= Cimbebasia =

Former name for part of Southern Africa

Cimbebasia was the name given for a long time to the western part of Southern Africa. Its borders in the north were the Kunene River, the lower Kasai River and the western reaches of the Zambezi River.

==Missionary history==
Originally Cimbebasia was included in the immense vicariate apostolic made up of Senegambia, French Guinea and Portuguese Guinea, which had been erected in 1842 and of which Bishop Barron was appointed first vicar Apostolic. The Congregation of Propaganda separated Cimbebasia on 3 July 1879 from this vicariate and made of it a prefecture Apostolic. The Congrégation du Saint-Esprit et de l’Immaculé Cœur de Marie were placed in charge of the new field, and Father Duparquet of the same congregation was appointed first prefect Apostolic.
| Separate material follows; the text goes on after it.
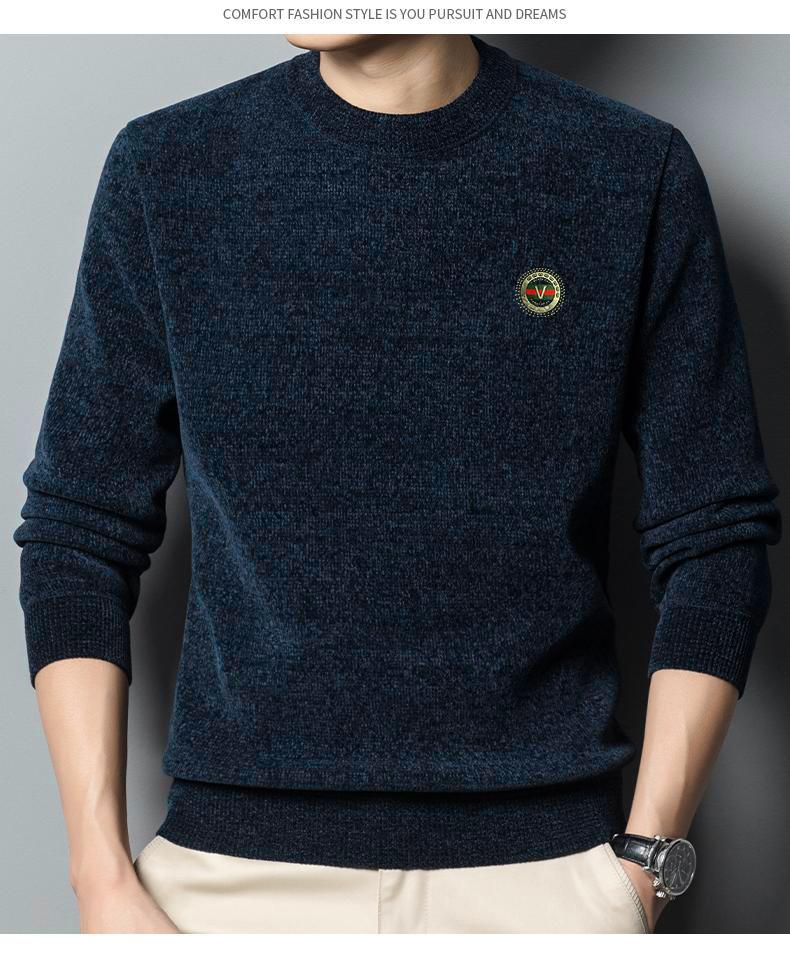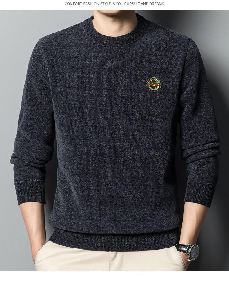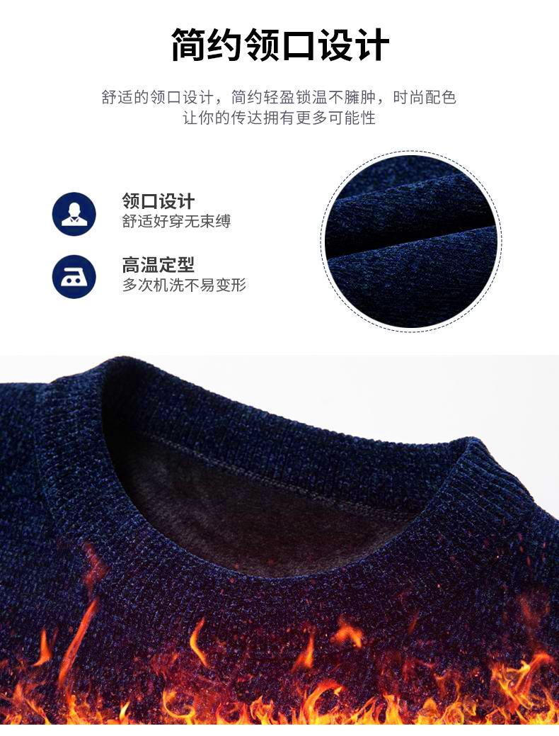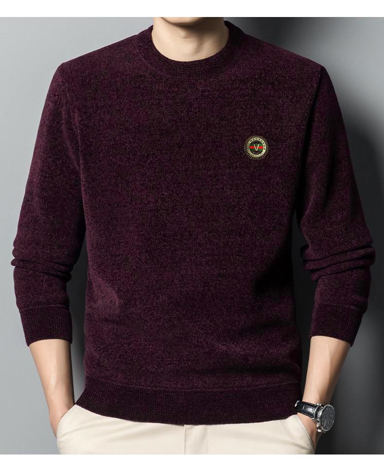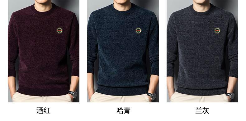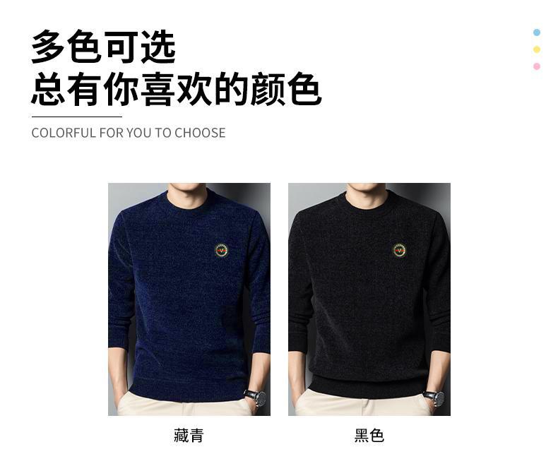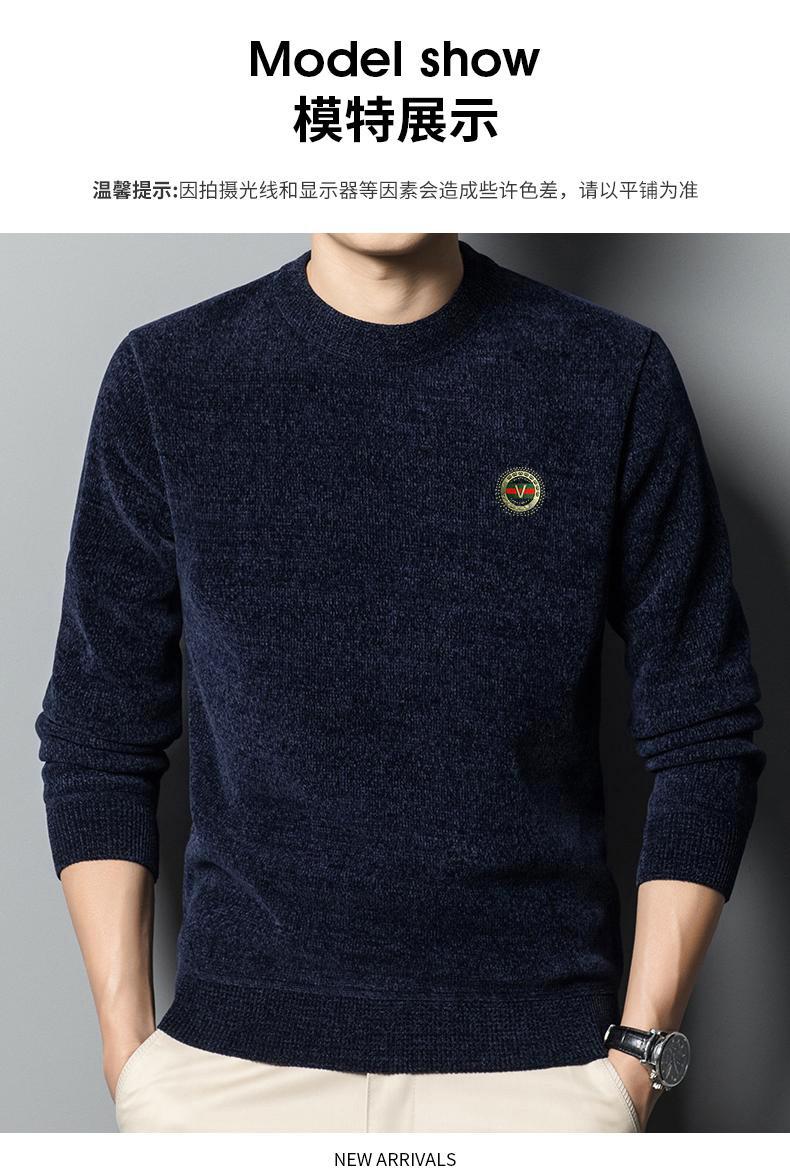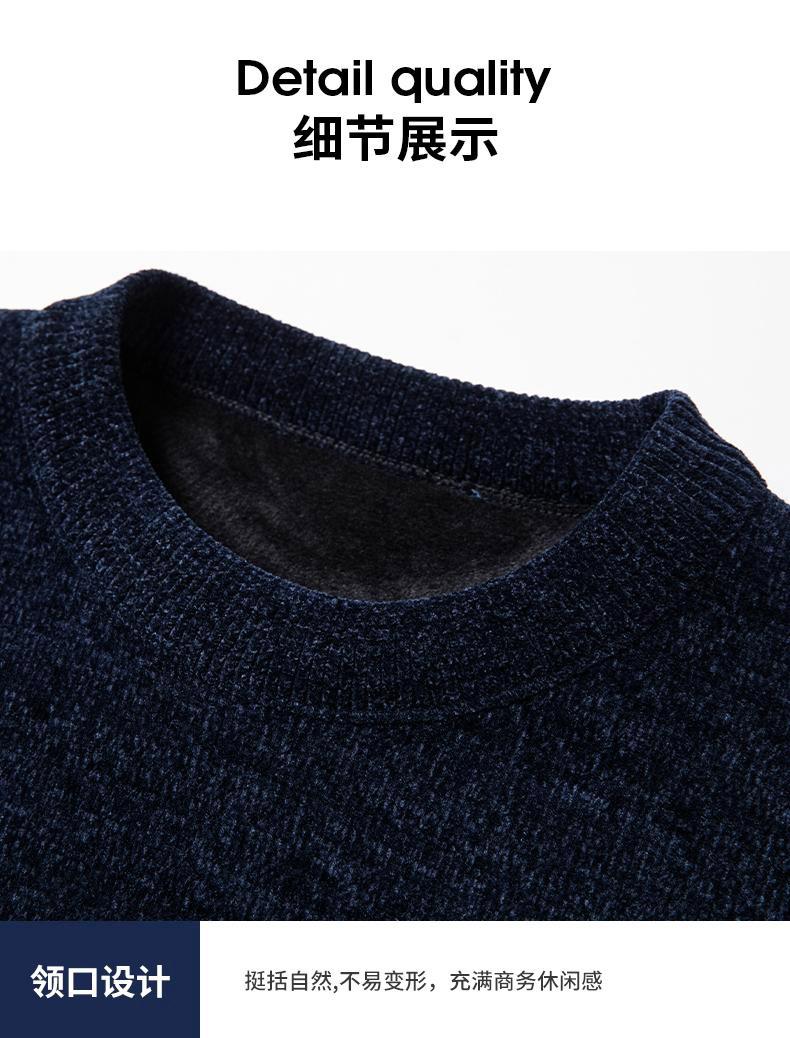 冬季新款雪尼尔男士加绒加厚百搭圆领毛衣
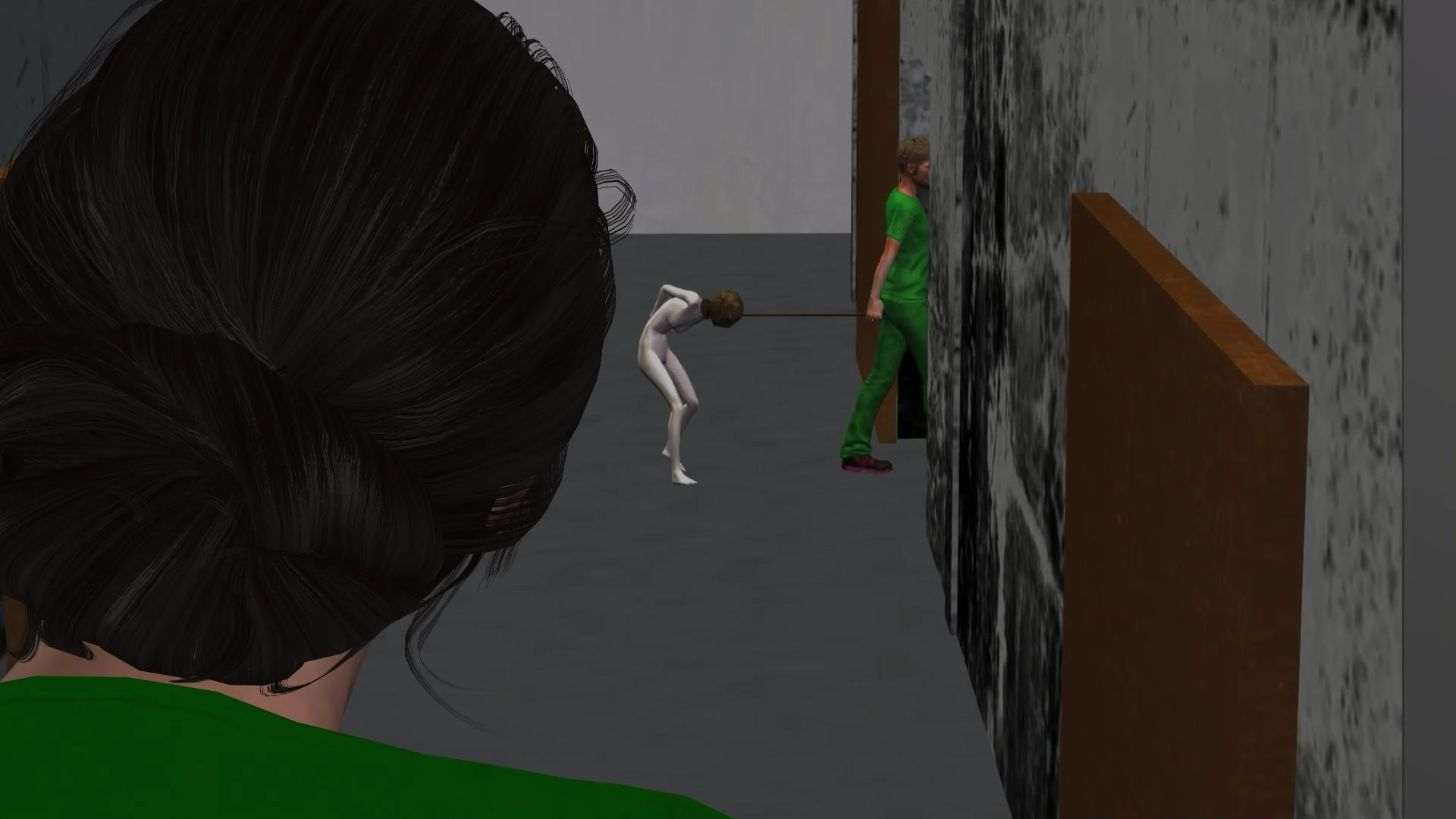 Daria is yanked from her course toward a vacant 'interview room'.

The new mission was, however, still very large, being made up of three distinct regions: the northern part, which included the territory of the Amboella and Gangela and was under the influence of Portugal; the southern part, composed of Ovamboland and Damaraland, coming under the control of Germany; and Bechuanaland. After having tried to found stations in all these different territories, the missionaries decided to concentrate their efforts on the northern part of the prefecture. The superior general of the congregation therefore requested the Holy See to confide to other institutes the remaining sections of the vicariate.

Consequently, Propaganda Fide placed the northern part of the vicariate, under the name of the Prefecture of Upper Cimbebasia, in charge of the Congrégation du Saint-Esprit on 1 August 1892, while the German territory was called the Prefecture of Lower Cimbebasia, and given to the fathers of the Missionary Oblates of Mary Immaculate. Bechuanaland was then united to the vicariate of the Orange Free State.

===Prefecture Apostolic of Upper Cimbebasia===
The Prefecture of Upper Cimbebasia was bounded on the north by the Kassai River, on the east by the 22nd degree of longitude east, on the west by the upper course of the Kunene, and on the south by the degree of latitude determined by the lower course of the Kunene. This degree of latitude also formed the boundary line between the Portuguese and German possessions in Southern Africa.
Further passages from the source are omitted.